Spot Instance Best Practices
- Driver node: Always use on-demand (spot interruption kills the entire job)
- Worker nodes: Use 50-100% spot for batch jobs (Spark recomputes lost tasks)
- Streaming: Use on-demand driver + spot workers with fallback to on-demand
- Spot fallback: Enable "fall back to on-demand" to prevent job failures during spot shortages
- Instance diversity: Allow multiple instance types to improve spot availability
DBU Cost Breakdown
Cluster Policies
Cluster policies enforce guardrails on cluster configurations, preventing users from creating expensive clusters.
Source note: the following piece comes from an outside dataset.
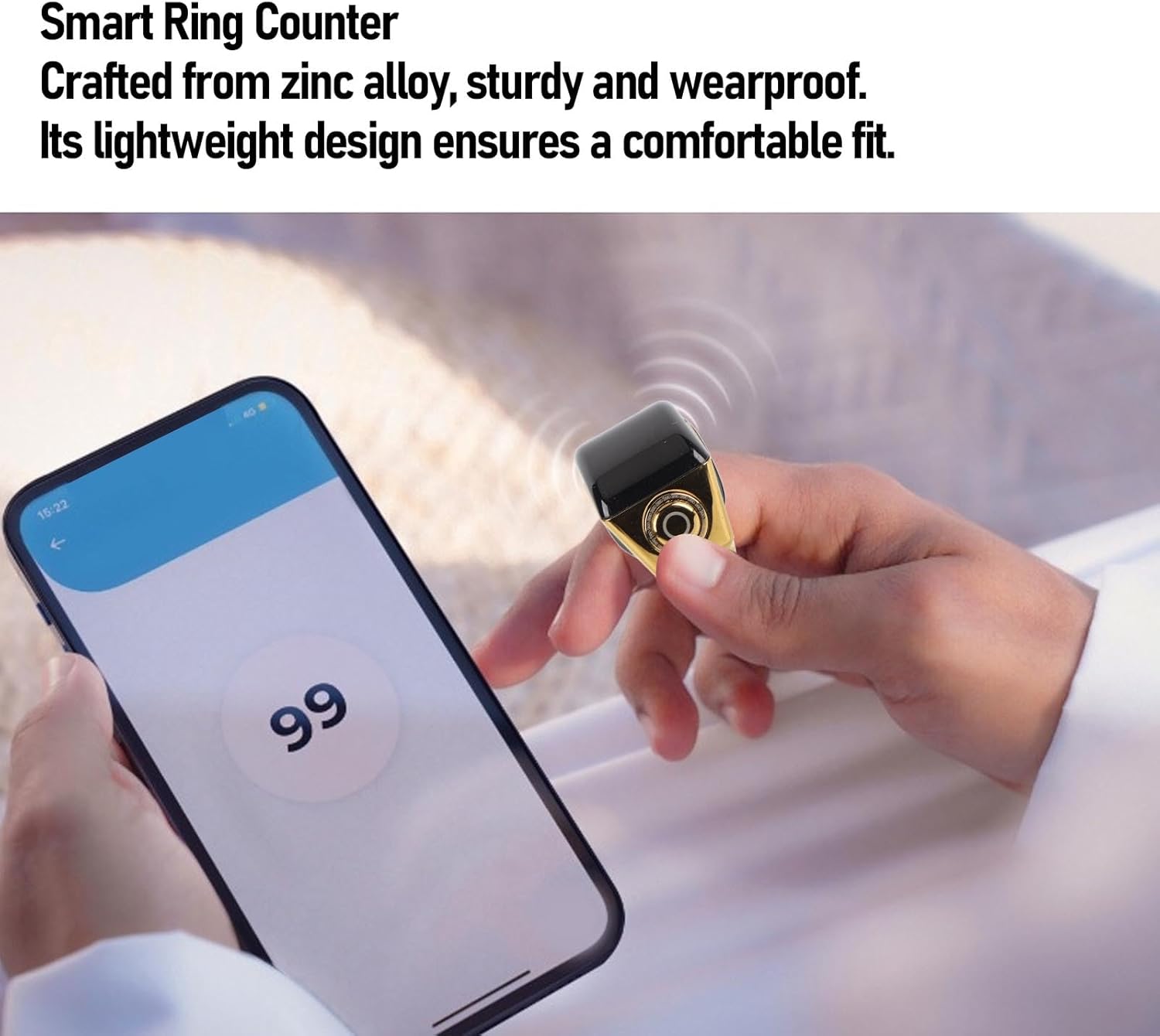 Specification: Item Type: Smart Rings Counter Material: Zinc Alloy Weight: Approx. 135.00g / 4.76oz Level: IP67 Rings Battery (Built in): Lithium Ion, 401215, 40mAh Battery Compartment Battery (Built in): Lithium Ion, 120mAh Download Program: for Android, for Equantu Function: Counting, 5 Timers ANAN Reminders How to Use: Short press: Wake up the screen and display the main screen (before binding the APP, the main screen is a tasbeeh counter, but after binding, the main screen displays the time). When the time interface is displayed, short press the button to enter the tasbeeh counter. Long press: Press and hold the button for 3 seconds to start a new count on the main screen or tasbeeh counter interface. When the tasbeeh counter is zero, long press for 3s to display the Bluetooth address and then close. Packing list: 1 x Smart Rings Counter 1 x Charging Case 1 x Charging Cable 1 x Instruction Manual

Policies can restrict instance types, maximum workers, auto-termination settings, and Spark configurations.
{
"spark_version": {
"type": "fixed",
"value": "14.3.x-scala2.12",
"hidden": true
},
"autotermination_minutes": {
"type": "range",
"minValue": 10,
"maxValue": 120,
"defaultValue": 30
},
"num_workers": {
"type": "range",
"minValue": 1,
"maxValue": 10,
"defaultValue": 2
},
"node_type_id": {
"type": "allowlist",
"values": [
{"label": "Small (4 cores, 16 GB)", "value": "Standard_D4s_v3"},
{"label": "Medium (8 cores, 32 GB)", "value": "Standard_D8s_v3"},
{"label": "Large (16 cores, 64 GB)", "value": "Standard_D16s_v3"}
],
"defaultValue": "Standard_D4s_v3"
},
"aws_attributes.first_on_demand": {
"type": "fixed",
"value": 1,
"hidden": true
},
"custom_tags.CostCenter": {
"type": "fixed",
"value": "data-engineering"
}
}
Storage Optimization
Storage costs accumulate from Delta Lake tables, old versions retained by time travel, and small files. Regular maintenance keeps storage costs in check.
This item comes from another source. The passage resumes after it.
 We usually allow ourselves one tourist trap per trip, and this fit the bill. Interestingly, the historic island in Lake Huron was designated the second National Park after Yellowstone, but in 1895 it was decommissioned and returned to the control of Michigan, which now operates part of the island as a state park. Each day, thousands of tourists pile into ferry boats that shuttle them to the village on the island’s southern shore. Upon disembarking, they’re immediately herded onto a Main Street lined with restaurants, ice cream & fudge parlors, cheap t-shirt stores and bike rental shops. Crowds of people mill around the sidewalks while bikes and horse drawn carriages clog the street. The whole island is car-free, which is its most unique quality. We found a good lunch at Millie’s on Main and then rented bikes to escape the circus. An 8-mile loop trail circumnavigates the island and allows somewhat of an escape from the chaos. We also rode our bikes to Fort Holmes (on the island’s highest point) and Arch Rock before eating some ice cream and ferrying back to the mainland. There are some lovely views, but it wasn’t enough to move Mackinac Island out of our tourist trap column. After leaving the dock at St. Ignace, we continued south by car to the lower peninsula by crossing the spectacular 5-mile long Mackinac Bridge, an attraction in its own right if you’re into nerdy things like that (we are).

-- Check table size and file count
DESCRIBE DETAIL catalog.schema.large_table;
-- VACUUM: Remove old files beyond retention period
-- Default retention: 7 days (168 hours)
VACUUM catalog.schema.large_table RETAIN 168 HOURS;
-- OPTIMIZE: Compact small files into larger ones
OPTIMIZE catalog.schema.large_table;
-- Set shorter retention for non-critical tables
ALTER TABLE catalog.schema.staging_table
SET TBLPROPERTIES (
delta.deletedFileRetentionDuration = 'interval 24 hours',
delta.logRetentionDuration = 'interval 7 days'
);
-- Find largest tables in a schema
SELECT
table_name,
ROUND(data_source_format_size / 1073741824, 2) AS size_gb
FROM information_schema.tables
WHERE table_schema = 'schema_name'
ORDER BY data_source_format_size DESC
LIMIT 20;
Query Optimization Tips
Use Partition Pruning
Always include partition columns in WHERE clauses. A query filtering on a partitioned date column can skip 99% of the data.
Avoid SELECT *
Select only the columns you need. Columnar formats like Parquet skip reading unneeded columns, saving I/O and compute.
Prefer SQL over UDFs
Built-in SQL functions run in Photon/JVM and are 10-100x faster than Python UDFs. Rewrite UDFs as SQL expressions where possible.
Use Delta Lake Caching
Delta cache on SSD-equipped instances caches frequently accessed data automatically. Use i3 or L-series instances for cache-heavy workloads.
Cost Monitoring
-- Query the system billing usage table
-- Available in system.billing.usage (Unity Catalog)
SELECT
usage_date,
workspace_id,
sku_name,
usage_unit,
SUM(usage_quantity) AS total_dbus,
ROUND(SUM(usage_quantity) * 0.22, 2) AS estimated_cost_usd
FROM system.billing.usage
WHERE usage_date >= current_date() - INTERVAL 30 DAYS
GROUP BY usage_date, workspace_id, sku_name, usage_unit
ORDER BY estimated_cost_usd DESC;
-- Find most expensive clusters
SELECT
cluster_id,
custom_tags:'Team' AS team,
SUM(usage_quantity) AS total_dbus,
ROUND(SUM(usage_quantity) * 0.22, 2) AS estimated_cost
FROM system.billing.usage
WHERE usage_date >= current_date() - INTERVAL 7 DAYS
AND sku_name LIKE '%ALL_PURPOSE%'
GROUP BY cluster_id, team
ORDER BY total_dbus DESC
LIMIT 10;
-- Detect idle clusters (low DBU usage)
SELECT
cluster_id,
SUM(usage_quantity) AS total_dbus,
COUNT(DISTINCT usage_date) AS active_days,
ROUND(SUM(usage_quantity) / COUNT(DISTINCT usage_date), 1) AS dbus_per_day
FROM system.billing.usage
WHERE usage_date >= current_date() - INTERVAL 7 DAYS
GROUP BY cluster_id
HAVING dbus_per_day < 5
ORDER BY dbus_per_day ASC;
Practice Problems
Problem 1: Cost Reduction Plan
MediumYour team's Databricks bill is $50K/month. Analysis shows: 60% is all-purpose clusters used for scheduled ETL, 25% is interactive clusters left running overnight, 15% is SQL Warehouse usage. Design a plan to reduce costs by 40%.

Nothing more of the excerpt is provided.